In fact, the social science research overwhelmingly shows that there’s little or no significant difference between kids raised by same-sex and opposite-sex parents.

Curtsy: Echidne.

Children Don’t Always Need Their Biological Fathers

Posted by Ampersand | August 11th, 2006

From a news story about “single women choosing to become single moms”:

Elkins, like many women her age, felt the pressures of wanting a child but realized that in the modern age she didn’t need a relationship with a man to make her dream possible. So she turned to an anonymous sperm donor to make her a mom.

[…] Places like California Cryobank, one of the largest sperm banks in the country, reports that single women make up 32 percent of the clients who buy sperm from its bank.

Fertility centers like those at New York University were originally set up for infertile couples. Now doctors consult with a growing number of single women looking to tackle motherhood alone.

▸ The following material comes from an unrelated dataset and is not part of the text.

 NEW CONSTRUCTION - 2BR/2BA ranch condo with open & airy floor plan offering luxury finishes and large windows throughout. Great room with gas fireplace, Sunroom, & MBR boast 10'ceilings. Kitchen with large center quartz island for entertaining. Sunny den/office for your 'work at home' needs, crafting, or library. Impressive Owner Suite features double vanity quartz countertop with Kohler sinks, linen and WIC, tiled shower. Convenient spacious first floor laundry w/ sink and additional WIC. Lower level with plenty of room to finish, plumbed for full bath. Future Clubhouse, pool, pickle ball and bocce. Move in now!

“We’re definitely seeing more single women,” said Dr. Shelley Lee, a clinical psychologist and director of psychological services at NYU. “And particularly women who are professional women[…]”

Elizabeth at Family Scholars responds:

A 46 year old woman: Since I was 20 or 30, I would see a baby and my heart would melt, and there needed to be a child in my life…

A child: Since I was 3 or 4, I would see a father and my heart would melt, and there needed to be a father — my father — in my life…

Elizabeth often seems to assume that the typical child raised without her or his biological father pines for contact with that father - not in a “mild curiosity” fashion, but in a “truly suffering due to existential angst” fashion. But I’m not at all sure that’s true.

The academic journal Human Reproduction published a study of adolescents who were conceived through donor insemination (DI; also know as sperm donation). (Scheib, Riordan and Rubin, “Adolescents with open-identity sperm donors,” Human Reproduction 2005 20(1), pages 239-252). All of the adolescents grew up knowing that they had been conceived via DI. 41% were raised in households headed by lesbian couples, 38% raised by single women, and 21% in households headed by heterosexual couples.

Put another way, 79% were raised in completely fatherless households, and 100% in households without their natural fathers. Yet although 80% said they were “moderately likely” to ever want contact with their biological fathers at all, only 7% reported wanting a father/child relationship.

(It’s important to note that all of these families were open with their DI children about their origins from a young age. Many scholars believe that families that keep their children’s DI origins a secret actually make things harder on the children in the long run, because of the shock and feelings of being deceived when someone discovers their DI origins later in life.)

Admittedly, this study has a very small sample size, and the 60% response rate isn’t ideal. But even if the Human Reproduction study isn’t perfect, at least it’s some evidence. Nor is it the only such study; for instance, a 1998 study of DI children in Child Development found that “reports from both the parents and teachers on standardized measures of adjustment indicated that the children were well-adjusted and no differences emerged across households headed by single women, lesbian couples and heterosexual couples.” (Chan RW, Raboy B and Patterson CJ (1998) Psychosocial adjustment among children conceived via donor insemination by lesbian and heterosexual mothers. Child Dev. 69, 443–457. Summary quoted from Scheib (2005).).

(Other studies showing that DI children are well-adjusted include: Brewaeys A (2001) Review: Parent-child relationships and child development in donor insemination families. Human Reproduction Update 7, 38–46; Golombok S, MacCallum F, Goodman E and Rutter M (2002a) Families with children conceived by donor insemination: A follow-up at age 12. Child Dev 73, 952–968; Vanfraussen K, Ponjaert-Kristoffersen I and Brewaeys A (2003) Family functioning in lesbian families created by donor insemination. Am J Orthopsychiatry 73, 78–90.)